C’est saint Jean, l’apôtre qui avait été si proche de Jésus durant toute sa vie, qui le
premier va méditer sur la gloire ”, pour nous montrer Jésus comme “le Seigneur du
ciel et de la terre ”.
Et le Verbe s’est fait chair et il a habité parmi nous, et nous
avons vu sa gloire. Cette gloire que, Fils Unique, plein de grâce
et de vérité, il tient du Père ” (Jn 1,14).
Si saint Jean a insisté pour nous faire comprendre que Jésus à toujours été proche de son
Père, qu’il a toujours été en étroite communion avec lui, qu’il a toujours eu même sur
cette terre la gloire qu’il avait auprès de son Père , c’est pour que nous croyons.
Tel fut, à Cana de Galilée, le commencement des signes de
Jésus. Il manifesta sa gloire et ses disciples crurent en lui (Jn
2/11)
Et dans sa prière pour les siens, Jésus s’exprime ainsi :
Et maintenant, Père, glorifie-moi auprès de toi de cette gloire
que j’avais auprès de toi avant que le monde fut. ” (Jn 17,5)

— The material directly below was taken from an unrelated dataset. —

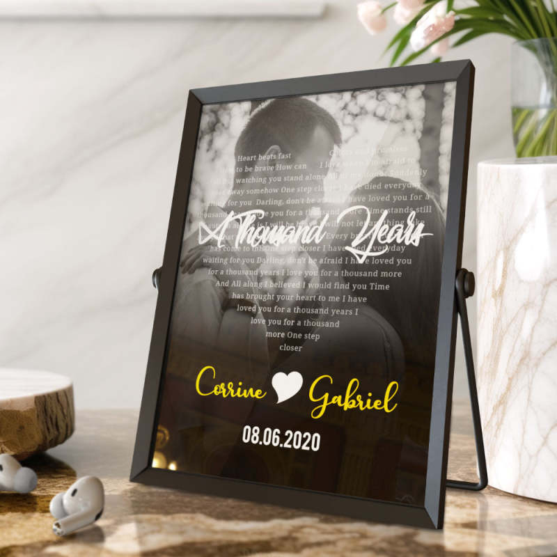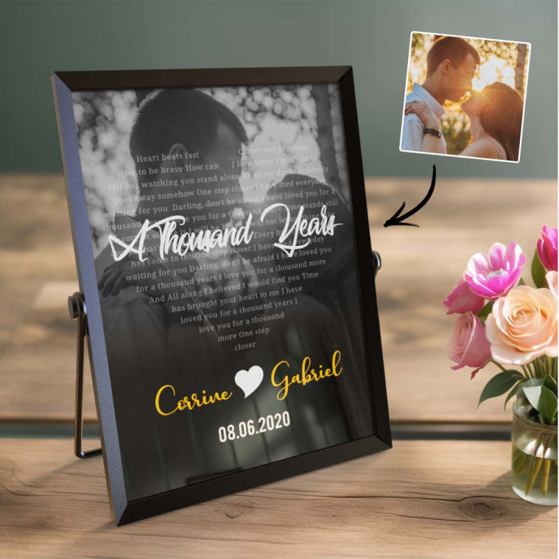 Personalisierter Desktop-fotorahmen Mit Liedtext, Individuelles Schwarz/gold-dekorationsgeschenk
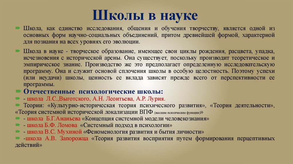 - школа Л.С.,Выготского, А.Н. Леонтьева, А.Р. Лурия.

Comme pour les disciples, comme pour les premières communautés chrétiennes, Jésus
nous invite à faire le même chemin, à bien considérer la passion et la croix du Seigneur
pour ce qu’elles sont :
apparues d’abord comme un scandale, une défaite, un échec,
elles se comprennent comme la libre détermination d’un homme pleinement
Fils, Fils de Dieu, menant jusqu’au terme son combat contre le mal,
c’est ce combat contre le mal, objet de sa mission qui lui permet de demeurer
dans la gloire du Père et de nous y entraîner.
Il faudrait relire dans ce sens l’hymne christologique que nous trouvons dans la lettre
aux Philippiens. Cet hymne nous présente un Christ qui se dépouille, qui s’anéanti et le
Père qui l’élève, l’exalte.
Comportez-vous ainsi entre vous, comme on le fait en Jésus Christ :
lui qui est de condition divine
n’a pas considéré comme une proie à saisir d’être l’égal de Dieu
mais il s’est dépouillé, prenant la condition de serviteur,
devenant semblable aux hommes,
et, reconnu à son aspect comme un homme ;
il s’est abaissé, devenant obéissant jusqu’à la mort,
à la mort sur une croix.
C’est pourquoi Dieu l’a souverainement élevé
et lui a conféré le Nom qui est au-dessus de tout nom,
afin qu’au nom de Jésus tout genou fléchisse,
dans les cieux, sur la terre et sous la terre,
et que toute langue confesse que le Seigneur, c’est Jésus Christ,
à la gloire de Dieu le Père ”. (Ph. 2, 5-11).